Forage clippings were done once or twice a month from January to March to capture the rapid growth period, once in April/May to capture peak standing crop, and once from late September or October to capture RDM. Plant functional group composition (percent grass vs forb cover) was recorded at each sampling event (2021/2022 and 2022/2023 seasons); additionally, dominant species were recorded via the dry-weight-rank method at each site at peak standing crop (2022/2023 season). For the 2021/2022 season, clippings were specifically collected within non-grazed exclosures and in adjacent grazed areas. A subset of samples were sorted to separate new growth from old-growth (i.e., RDM) to measure the current year’s forage biomass to match satellite based estimations. This approach will allow us to assess the ability of the remote sensing platform to quantify forage biomass in paired grazed vs non-grazed areas, which can differ in build-up of RDM. For the 2022-2023 season, we continued to clip forage samples within grazing exclosures, field sorting samples with greater than 15% RDM cover.

For each monitoring site, 10-15 samples were clipped during each clipping event at each site. The clipping samples were averaged by date for each site, resulting in a total of 150 site-date data points for further analysis. By following the same protocols for sampling, field data collection, and preprocessing, we built a large geospatial database of forage production with high quality and consistency, which will continue to grow as new clipping data comes in.

Research Objective 2. Develop a well-calibrated remote sensing algorithm scalable statewide for consistent forage production estimates in near real-time. 

We will improve upon the remote sensing approach that we developed for forage production estimation using MODIS daily 250-m and Landsat 16-day 30-m satellite observations (Liu et al., 2021). Our prior approach was calibrated with limited exclosure site data. Moreover, it was applied only to herbaceous-dominated rangelands, to avoid the mixed woody-herbaceous pixel issue at 30-m resolution. In order to provide daily estimates for the majority of rangelands without the masking effects from shrubs and trees, higher spatial resolution imagery is needed as a main data stream. Since PlanetScope's open California data policy phased out, we  relied on Sentinel 2A&B at 10 m every 5 days (plus Landsat), both publicly-available and free, for operational near real-time forage monitoring (Fig. 2). Our focus will be on all 10 ×10-m pixels without trees or shrubs. A first version of the base mask for herbacious cover at 10m was generated by first combining herbaceous or grasslands pixels from California vegetation map, the European Space Agency (ESA)  World Cover, and the National Land Cover Database (NLCD). Only pixels with NDVI lower than 0.3 in mid-August were retained for further analysis since the presence of trees and other perennial vegetation within a 10m pixel would increase the NDVI value compared to senescent grasses.  In the next step, we will further refine the layer with the meter scale NAIP aerial imagery, available every other year, and updated with Sentinel summer/fall-time imagery when grass is senescent.
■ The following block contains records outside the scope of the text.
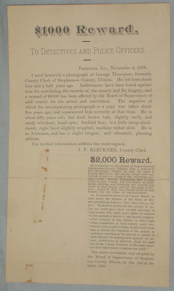 Freeport, Illinois, 1878. Broadsheet: I send herewith a photograph of George Thompson, formerly County Clerk of Stephenson Illinois. He left here about four and a half years ago. Indictments have been found against him for mutilating the records of the country and for forgery. He fled to Canada then ended up in California but eventually returned to Illinois where he was sentenced to State Prison.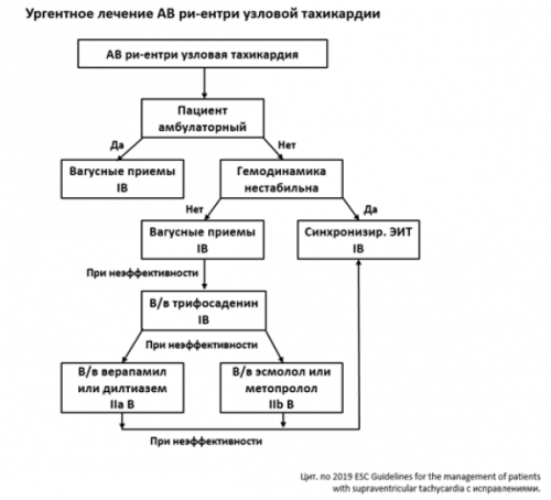 ЕОК I B (УДД 4 УУР С)1.7. Неотложная терапия при не-ри-ентри узловой тахикардииприемов и #трифосаденина [107, 108].ЕОК I B (УДД 2 УУР A)ЕОК IIb С (УДД 4 УУР С)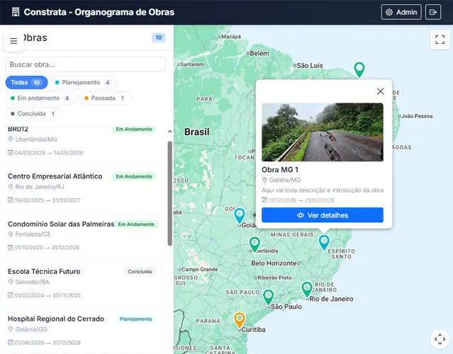 Você enxerga, em segundos, onde estão suas obras, quem está em cada projeto e como a estrutura está distribuída por região e função. A visibilidade deixa de ser fragmentada e vira um mapa consolidado do headcount.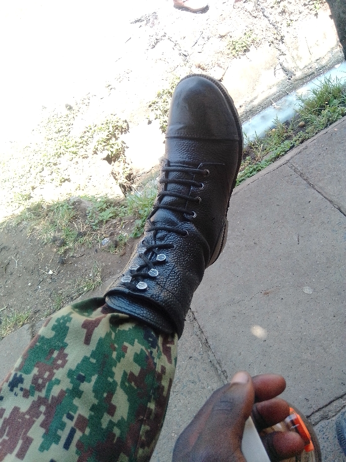 The image presents a close-up, downward-angled view of a person's lower right leg and right hand. The leg is clad in digital camouflage trousers, exhibiting a pattern of green, brown, and tan pixelated shapes. A black, high-laced combat boot with a textured, pebbled leather finish and silver metallic eyelets covers the foot. The boot laces are black. The person's dark-skinned right hand is visible in the lower right foreground, holding a small, reflective, transparent object with an internal orange and brown pattern. The skin on the hand appears darkened or soiled. The immediate ground surface is light grey concrete. To the left of the boot, the ground transitions to an unpaved, uneven dirt area with sparse green and dry vegetation. To the right of the boot, a narrow, shallow channel or ditch contains light-colored liquid and green vegetative growth. The scene is brightly lit, indicative of daylight conditions. No other individuals are visible. While specific landmarks are absent, the general environmental characteristics—a mix of concrete and unpaved ground with a drainage channel—are consistent with urban or peri-urban settings within Nairobi, Kenya.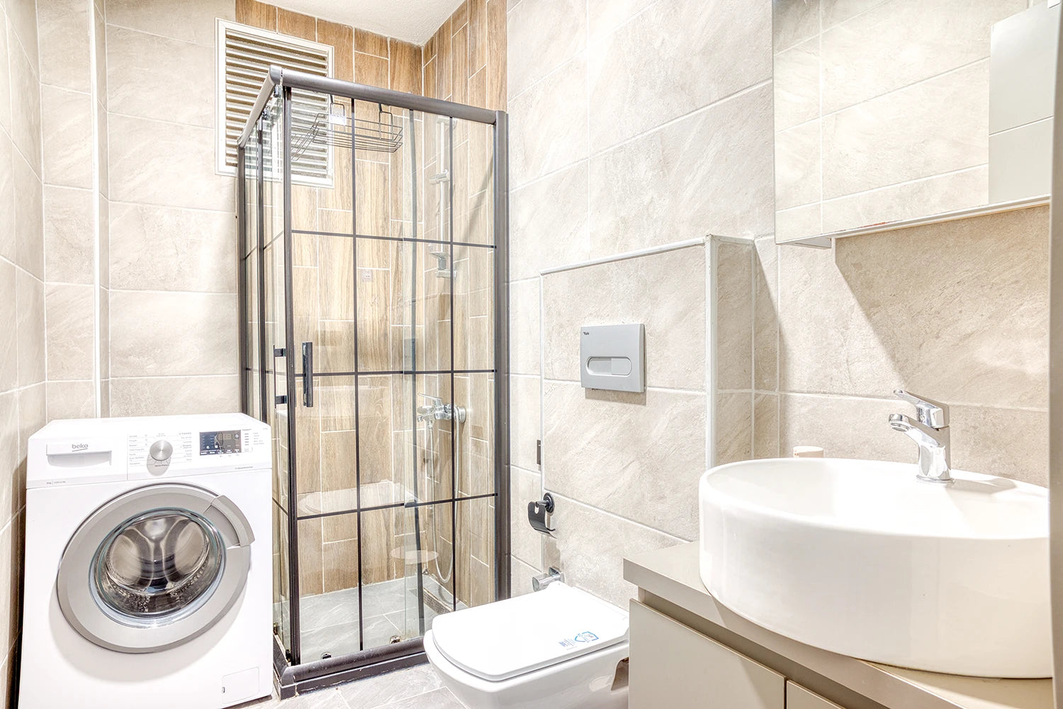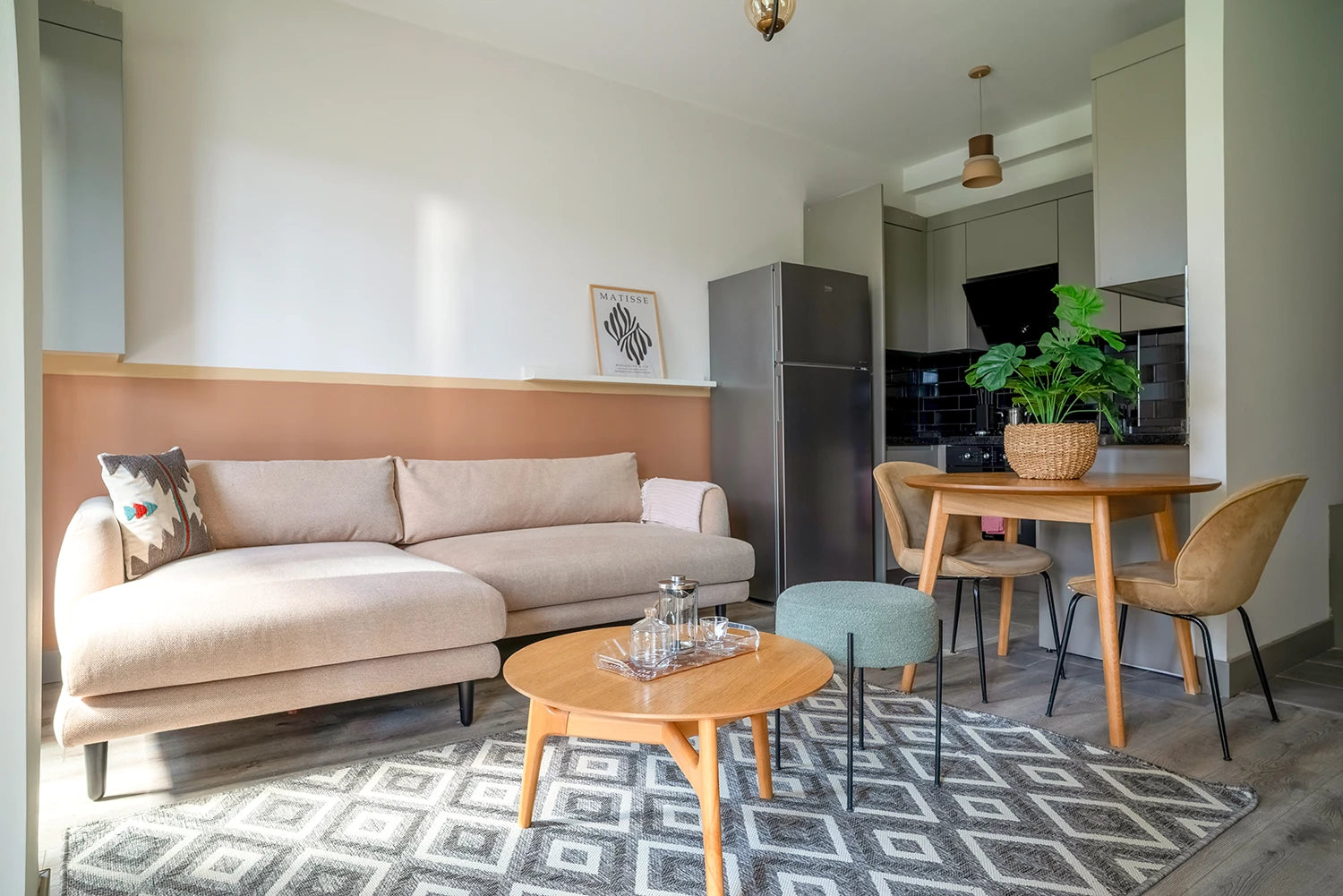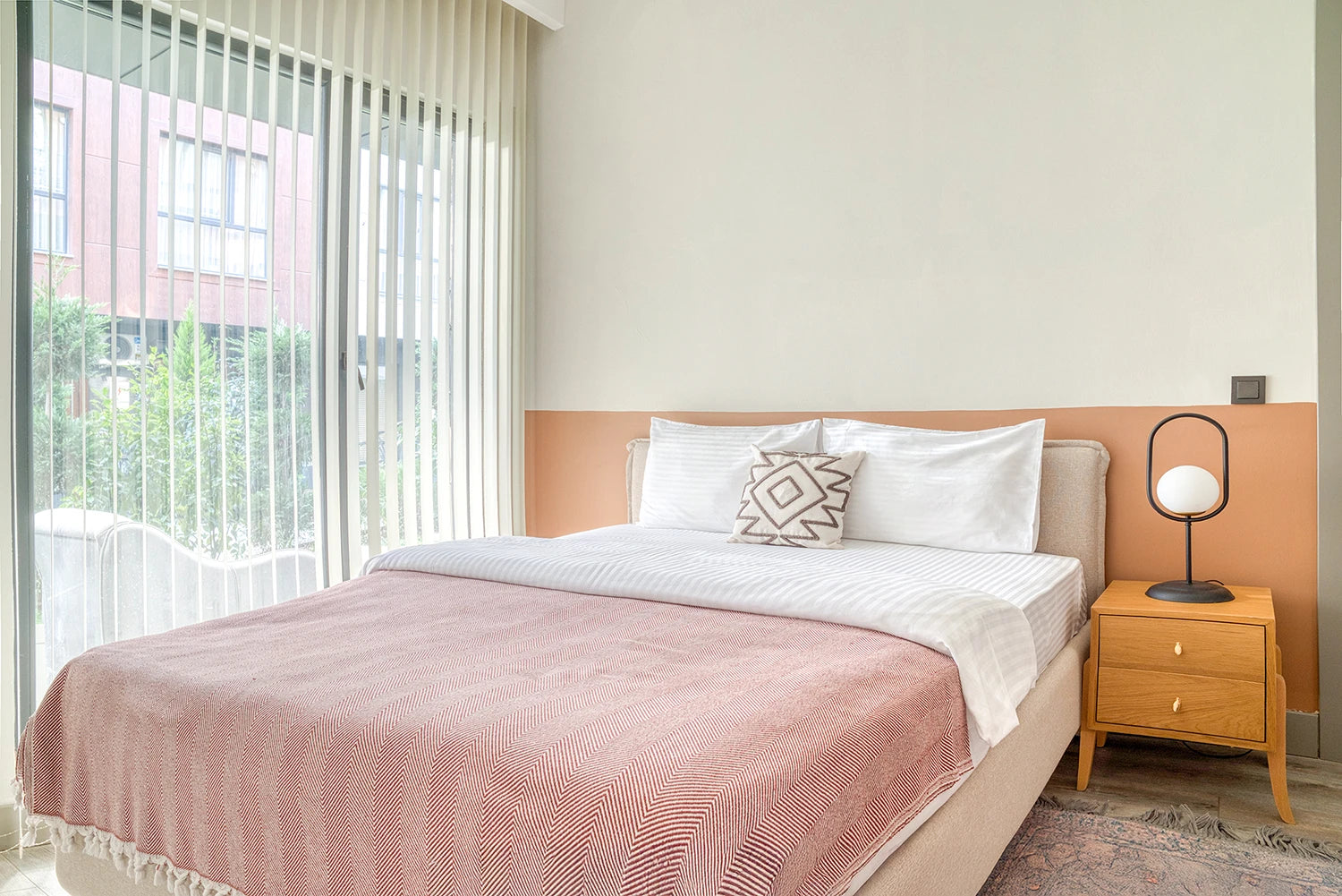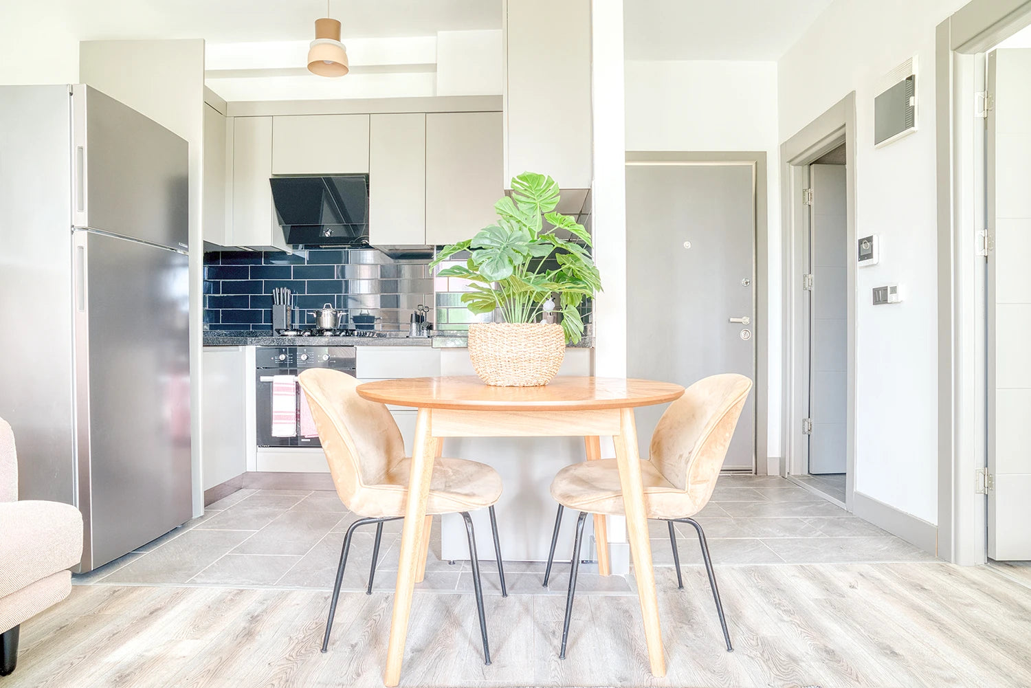 918 numarada bulunan bu 36,0 m²'lik daire, kompakt bir alanda özenle tasarlanmış bir yaşam alanı sunmaktadır. Tek katlı dairede bir yatak odası, bir banyo ve bir oturma odası bulunmaktadır ve her alan maksimum verimlilik için özenle planlanmıştır. Blend+R markasının doğa dostu ve sürdürülebilir ürünleri de kullanılarak dizayn edilen evimizde, oturma odası, evin kalbi olarak işlev görür ve ahşap konsolun üzerine monte edilmiş büyük bir düz ekran TV'nin bulunduğu şık bir eğlence merkezi ile donatılmıştır. Alan, rahat bir köşe kanepe, yuvarlak bir sehpa ve ahşap görünümlü zemine görsel bir ilgi katan desenli bir halı ile süslenmiştir. Dikey panjurlu büyük pencereler, bol miktarda doğal ışık ve çevredeki yeşilliğin manzarasını sunar. 11,0 m² büyüklüğündeki yatak odası, çift kişilik yatak, aynalı kapaklı gömme dolaplar ve komodin ile rahat bir dinlenme alanıdır. Tavandaki sarkıt lamba odaya sıcaklık katarken, bir başka büyük pencere doğal aydınlatma ve dış mekan manzarası sunar. Banyo, kompakt olmasına rağmen modern armatürlerle verimli bir şekilde tasarlanmıştır. Duvara monte tuvalet, cam kaplı duş ve çamaşır makinesi ile mevcut alanın akıllıca kullanıldığını gösterir. Dairenin genelinde, bej duvarlar ve sıcak ahşap tonları uyumlu bir atmosfer yaratarak nötr ve sakin bir renk paleti oluşturur. Saksı bitkileri, iç mekana doğanın dokunuşunu getirerek genel ambiyansı zenginleştirir. Klima üniteleri yıl boyunca konfor sağlarken, mobilyaların ve ev aletlerinin stratejik yerleşimi, bu iyi donanımlı küçük dairenin işlevselliğini en üst düzeye çıkarır.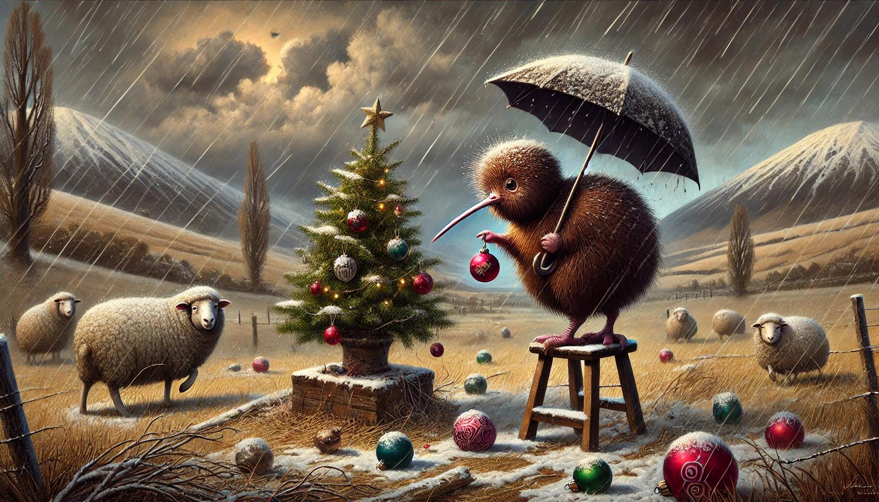 A whimsical matte art print featuring a kiwi bird decorating a Christmas tree for his flock of sheep, as bad weather rolls across the North Canterbury farm. Painted in a rustic, painterly style with darkening skies, wind-swept paddocks, and glowing festive lights on the tree, the artwork blends humor, warmth, and the resilience of New Zealand country life. A charming holiday piece, perfect for farmhouse décor, sheep lovers, or anyone who enjoys whimsical, storybook-style Christmas art with a rustic twist.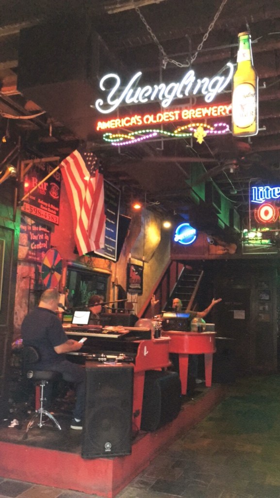 On repart 45 mn plus tard, les jambes légères, en pleine forme pour de nouveaux bars tel que le Bourbon Heat ou le Café Beignet (pas pour les célèbres beignets qu’on ne goutera pas pendant notre séjour faut d’aimer les beignets gras et sucrés … mais pour un petit concert de jazz en plein air).

To estimate forage production, we adopted the similar biophysical light use approach, developed from our previous studies (Liu et al., 2019, 2021), and worked on further improvement of accuracy and robustness, especially with higher spatial and temporal resolution of Sentinel 2 satellite imagery than previously used Landsat 30m imagery, and leveraging the substantial field data from the newly established network of the exclosure sites for model training and testing.

We assembled weather data,  including incoming solar radiation, temperature, precipitation, were also downloaded from CIMIS and PRISM. We also assembled the topographical indices such as elevation and soil data such as soil organic matter. We have downloaded Sentinel 2A & 2B imagery at 10m to 20m with repeated observations every 5 days from 2022 to May 2023, with a total of 16 tiles covering all 42 field sampling sites. An automatic preprocessing workflow has been developed to filter clouds and shadow for each of the 12 spectral bands.

Light interception and light-use efficiency optimization will be further improved by incorporating the three unique red-edge bands from Sentinel-2, which Landsat does not include. Reflectances in the red-edge spectrum is more sensitive to chlorophyll absorption and thus reduces the saturation issue of the previously widely used NDVI at higher biomass levels (Lin et al., 2019). Moreover, the red-edge-based vegetation indices are more sensitive to the spatio-temporal variations of pigment degradation and therefore serves as a proxy for plant stress related with the light-use efficiency reduction (Zarco- Tejada et al., 2018). During Year 1, we calculated a set of vegetation indices for monitoring phenology and growth and plant stress, including the Normalized Difference Vegetation Index (NDVI), the red-edge bands based NDVI, the Simple Ratio (SR), the red edge bands based SR, the Soil Adjusted Vegetation Index (SAVI), and the Normalized Burn Ratio (NBR).  The Savitzky-Golay filter was applied to the NDVI time series to fill the gap and remove the abnormal values; a linear interpolation was then performed to generate the daily time series of NDVI. We will evaluate the relationships of various red-edge related indices with measured production and include the most significant ones for the refined approach.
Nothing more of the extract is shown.